Beat Impulse Buying

5 Ways to Beat Impulse Buying

Trying to save money to reach a financial goal is an excellent way to improve your life in general. As you learn the power of your own finances, you can use the knowledge to build a better future.

One of the most common reasons people have debt, though, isn’t because they have too many nice things. It’s actually due to a phenomenon called “impulse buying.”

As the term implies, impulse buying refers to spending money without planning to do so ahead of time.

Maybe you’re an emotional spender and shopping makes you feel better when you have the blues. Or you’re innocently standing in line at the grocery store and you just have to buy that candy bar that’s calling your name.

Whenever you buy something without thinking it through, you’ve become an impulse buyer. It may not sound like a big deal, but every little bit adds up, and it could add up to that goal you were trying to reach.

To curb your impulse buying tendencies and get rid of them forever, try these five action steps to financial success.
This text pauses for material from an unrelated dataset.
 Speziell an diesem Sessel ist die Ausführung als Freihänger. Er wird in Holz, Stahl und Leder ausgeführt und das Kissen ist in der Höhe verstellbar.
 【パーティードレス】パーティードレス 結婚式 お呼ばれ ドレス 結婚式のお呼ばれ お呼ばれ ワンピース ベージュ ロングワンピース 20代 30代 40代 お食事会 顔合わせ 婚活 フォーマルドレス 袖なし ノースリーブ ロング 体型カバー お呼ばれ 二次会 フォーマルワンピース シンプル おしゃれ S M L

1. Develop a “Buy on Sale” Mentality

Shopping for sales, if you do it right, will limit your spending. This doesn’t mean that any time you see something on sale you buy it. It’s not a bargain if it doesn’t serve a purpose or ends up sitting around collecting dust.
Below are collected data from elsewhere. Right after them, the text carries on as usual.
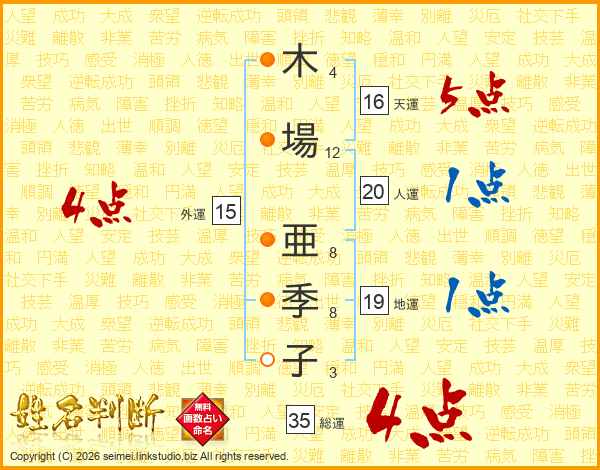 木(4画)場(12画) 亜(8画)季(8画)子(3画)
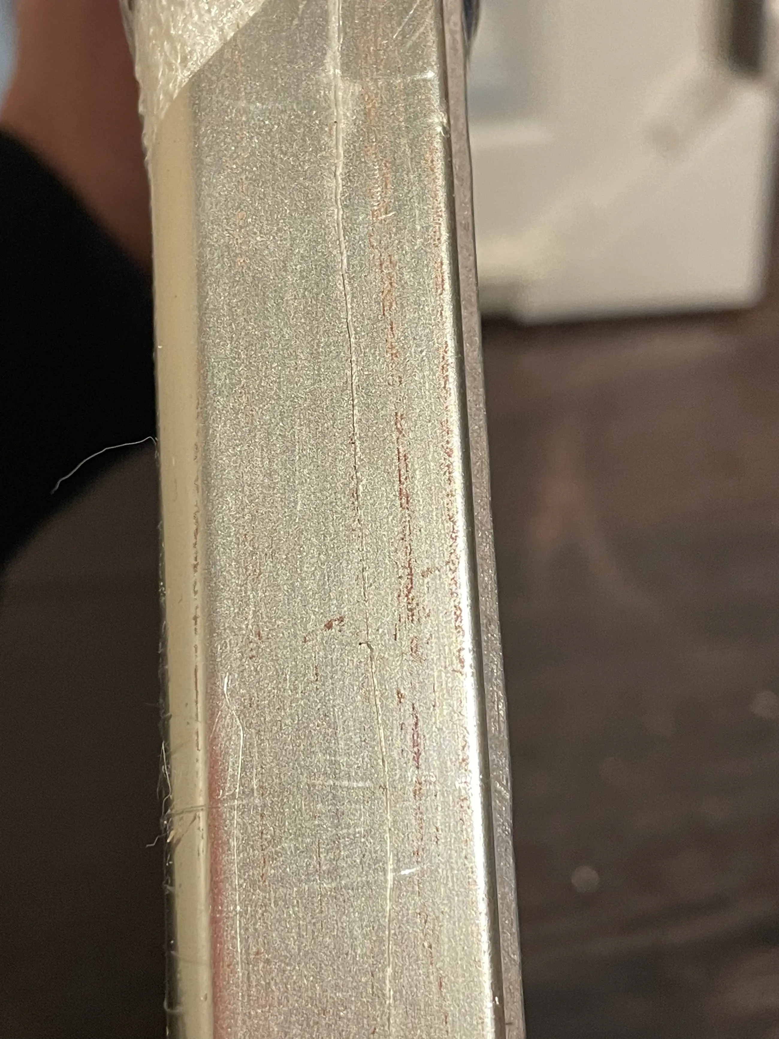 Lichte sleepsporen op de lijst. Niet hinderlijk bevinden zich onder het plastic.
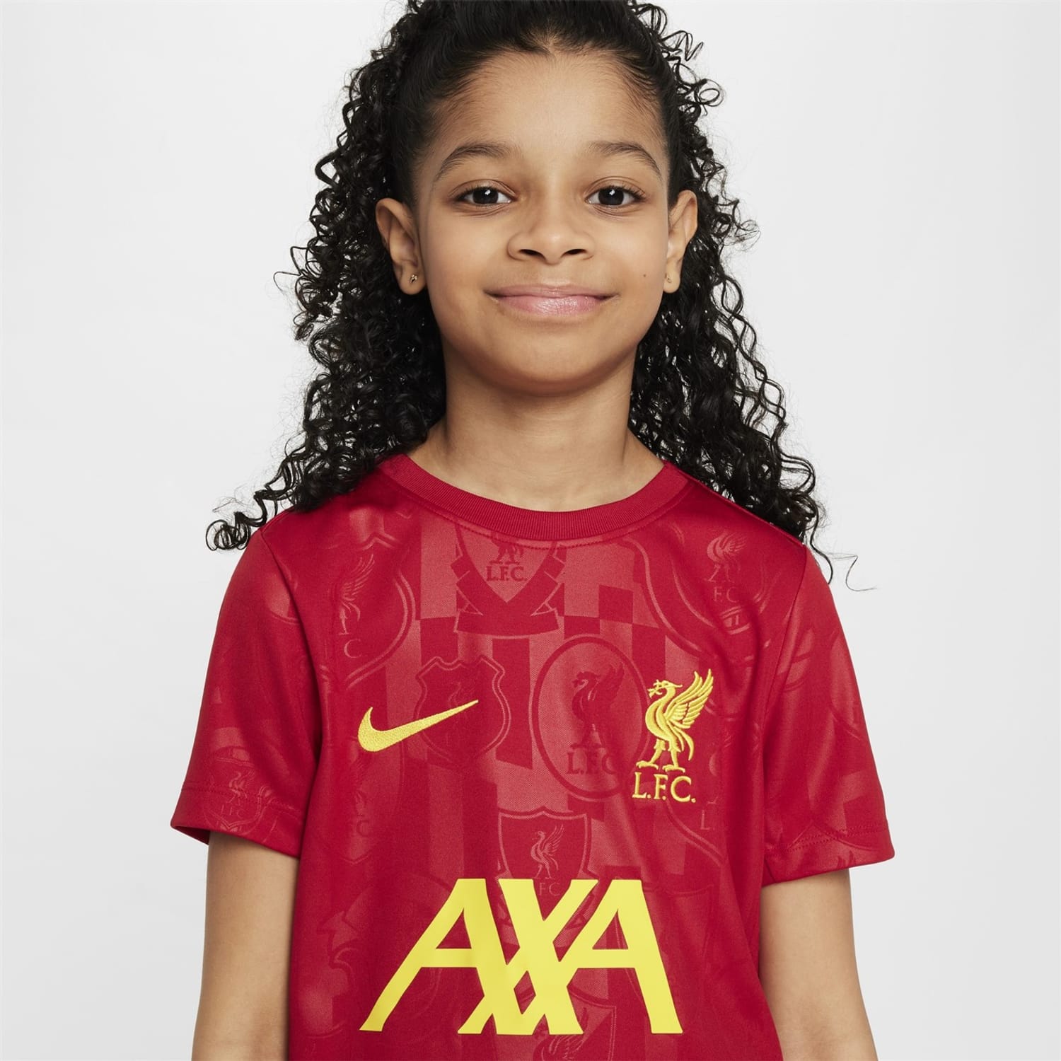 The junior Liverpool Academy Pro Pre Match Shirt from Nike for the 2024/25 season is the perfect addition to your little one's football shirt collection, celebrating the rich history of The Reds.
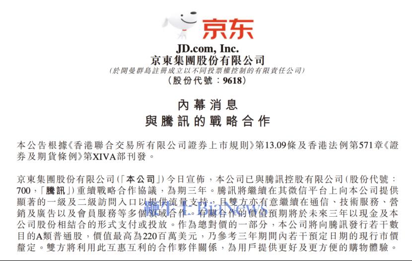 不过,京东表示,双方并不是不合作。除了在原有的广告、会员、流量、数据等领域合作外,京东还将与腾讯探索新的合作领域。目前,腾讯持股京东约2.3%。
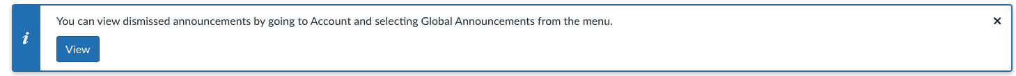 Your Dashboard may include global announcements for important reminders, office closures, other course updates at the very top of the page. You can remove an announcement banner from your Dashboard using the Remove icon / clicking the X button; student can still view dismissed announcements from the Global Announcements page, seen below:

When you develop a “shop on sale” mindset, what you’re doing is training yourself to hold out and put a little effort into the purchase. First, look for a discount or coupon. If you’re shopping online, try to find a better deal elsewhere.

Taking a few minutes to look for sales instead of instantly adding an item to your cart gives you a chance to make sure you really want to spend the money. If you can’t find a coupon, wait until your purchase goes on sale.
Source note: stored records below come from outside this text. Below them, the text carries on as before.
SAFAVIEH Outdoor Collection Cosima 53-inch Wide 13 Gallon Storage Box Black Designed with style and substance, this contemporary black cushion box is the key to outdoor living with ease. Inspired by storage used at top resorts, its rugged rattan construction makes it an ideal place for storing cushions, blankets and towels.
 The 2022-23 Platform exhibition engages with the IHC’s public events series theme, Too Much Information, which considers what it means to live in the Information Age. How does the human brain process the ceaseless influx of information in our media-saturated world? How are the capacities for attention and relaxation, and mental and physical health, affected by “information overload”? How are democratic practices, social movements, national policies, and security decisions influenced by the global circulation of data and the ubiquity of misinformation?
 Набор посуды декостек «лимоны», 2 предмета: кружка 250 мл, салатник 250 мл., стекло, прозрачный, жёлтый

By the time you find your discount or get the sale, you may have changed your mind.

2. Set Spending Boundaries

Disciplining yourself with your spending habits is important. Only you know where your weak points are. If you’re not sure, pay attention the next time you start shopping.

Some of the most common impulse buying situations are when we engage in:

  • Middle of the night online shopping
  • Emotional binging
  • Keeping up with the Jones’ (someone else has it, so we have to have one, too)
  • Pressure-purchase sales tactics

Set boundaries for yourself and stick to them. For instance, if it’s over ten dollars, wait 24 hours to buy it. Increase the wait time as the item’s cost goes up.

Credit card debt is a huge problem, in part due to impulse spending. Another boundary you might want to establish is if you can’t pay cash (debit card) for it, don’t buy it.

Recognizing where you need boundaries is the first step in setting them!

3. Plan Ahead

The saying goes, “Failing to plan is planning to fail.” In terms of your finances, this is really on point. If you fail to plan for your shopping trip, you’re planning to waste money.

One of the first things to get comfortable with in planning ahead is meal prep. If you take an hour or two once a week to decide on the meals for your week, then check grocery ads for the cheapest sales, you’ve saved so much time!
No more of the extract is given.